Boxes employs a cutting-edge complex sound-processing algorithm known colloquially as “paulstretching,” named after founder Nasca Octavian Paul. Paulstretching, for lack of better technical knowledge, hyperextends any sound fed into it, and employs plenty of reverb to give pieces the illusion of lush soundscapes. The technique originally gained popularity when someone thought it would be funny to paulstretch a Justin Bieber track. It wasn’t, but it sounded pretty cool.
Thus began a rush to paulstretch all kinds of stuff, hoping to replicate the coolness of the original paulstretched Bieber jam. As anyone with a computer and two minutes can paulstretch a “Family Guy” sound byte, nobody has produced anything worthwhile since the discovery of the technology. Nobody, that is, except Boxes.
Utilizing actual song structuring, and with a style just as low-tech as high, Boxes has crafted quite an ambient record. Deep within the catacombs of the Internet, in a place as off-the-grid as the web gets, Boxes has shared their recording secrets with a select few, planting the seeds of something that is going to change music.
Boxes first creates a sound collage, comprised of hundreds of samples of various things, mixes them and paulstretches them to an exact length. Then, they record the paulstretched signal onto a tape that has been recorded over hundreds of times, using an old boombox with precisely damaged tape heads. Finally, the tape track and original digital recording are synced up in post-production.
But does a 38-minute song full of reverb-drenched samples really work? Well, yes and no. If you look at the album as any other—a combination of songs—some work and some don’t. Some movements of Boxes’s album really soar, and others lull in parts. In some ways, this is expected, but other artists on the ambient circuit know how to make a supposed lull sound interesting. Though the intensity is lowered, the composition still holds the ear of the listener and gradually leads them to the next apex. Boxes, instead of holding the listener’s ear, drops it on the ground and picks it back up as it sees fit.

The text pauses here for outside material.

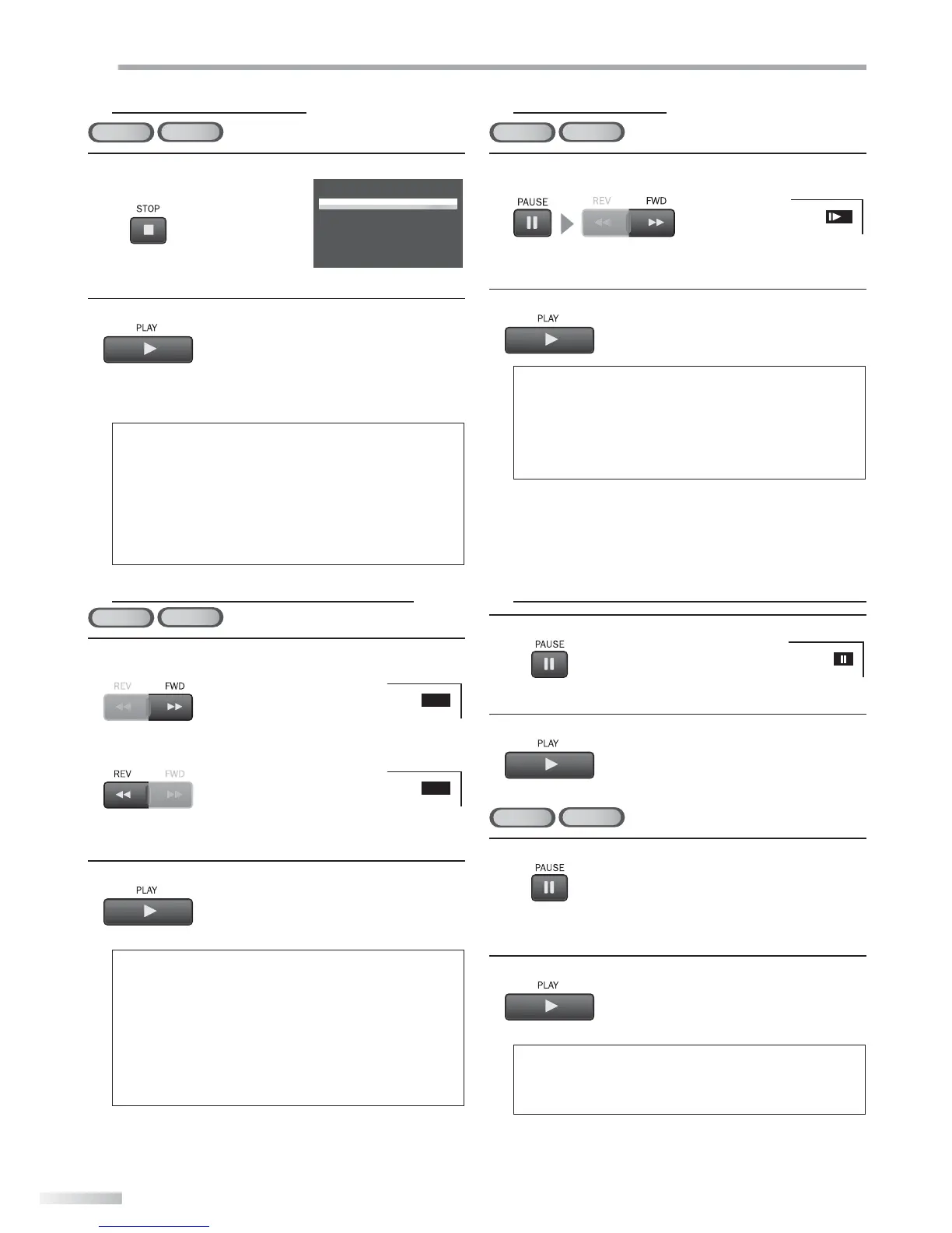 • Every time you press [PAUSE F], playback will

One of my favorite records is Dan Deacon’s “A Green Cobra is Awesome Versus the Sun,” a 40-minute and 56-second sinusoidal drone, and another record that relies on songwriting skills like this. However, Deacon’s “Cobra” begins with little tension and honest, wavering uncertainty, gradually building to an overpowering metallic supernova that leaves the listener’s brain floating in a sea of milk-white ambient space. Boxes is trying for that trick here, but the lulls in the piece really erode this feeling before it can build properly.

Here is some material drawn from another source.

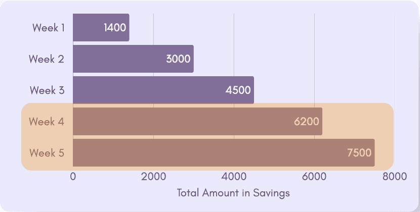 Теперь вам нужно узнать: а сколько вы отложили только на 4-й и 5-й неделях?

Despite these shortcomings, Boxes is really onto something here. Go ahead, try Googling the artist or album name—you won’t find it. What this means for music fans is that listening to this record is a complete “right place, right time” experience. Record stores everywhere are filled with albums that all exist in the darkest recesses of cyberspace. This and other compositions like it are only available if you can find them—a moment of nicety and discovery while the Internet’s primary focus on society is desensitization. Will you stumble across this record if you search the web for it every day? Who knows, but if Boxes is truly onto something here—and I believe it is—then music will be forever changed.
Imagine a world in which certain people have only heard certain songs through their digital travels, spontaneous world music that is only available at specific moments in time to people lucky enough to experience it. A return to individual musical discovery and blurred, perhaps eradicated lines between Internet anonymity and real human interconnectivity—that’s what Boxes says to me. What will it say to you? Answer that question if you ever find it. And if you don’t—do something inspiring. ?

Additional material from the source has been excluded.